* **INFORMATION SUPPLIED**:
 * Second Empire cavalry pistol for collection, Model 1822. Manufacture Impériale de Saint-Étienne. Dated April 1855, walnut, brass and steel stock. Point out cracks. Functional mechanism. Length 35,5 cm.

==

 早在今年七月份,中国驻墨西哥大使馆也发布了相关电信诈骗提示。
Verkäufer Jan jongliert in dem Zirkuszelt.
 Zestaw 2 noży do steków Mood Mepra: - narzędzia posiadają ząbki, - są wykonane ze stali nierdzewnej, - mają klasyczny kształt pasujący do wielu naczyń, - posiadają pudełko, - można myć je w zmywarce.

* **EXERCISE GOAL**:
Give only the lines from the one holding "早在今年七月份,中国驻墨西哥大使馆也发布了相关电信诈骗提示。" through the one holding "Zestaw 2 noży", each restated exactly as it appears above.

* **ANSWER BELOW**:
 早在今年七月份,中国驻墨西哥大使馆也发布了相关电信诈骗提示。
Verkäufer Jan jongliert in dem Zirkuszelt.
 Zestaw 2 noży do steków Mood Mepra: - narzędzia posiadają ząbki, - są wykonane ze stali nierdzewnej, - mają klasyczny kształt pasujący do wielu naczyń, - posiadają pudełko, - można myć je w zmywarce.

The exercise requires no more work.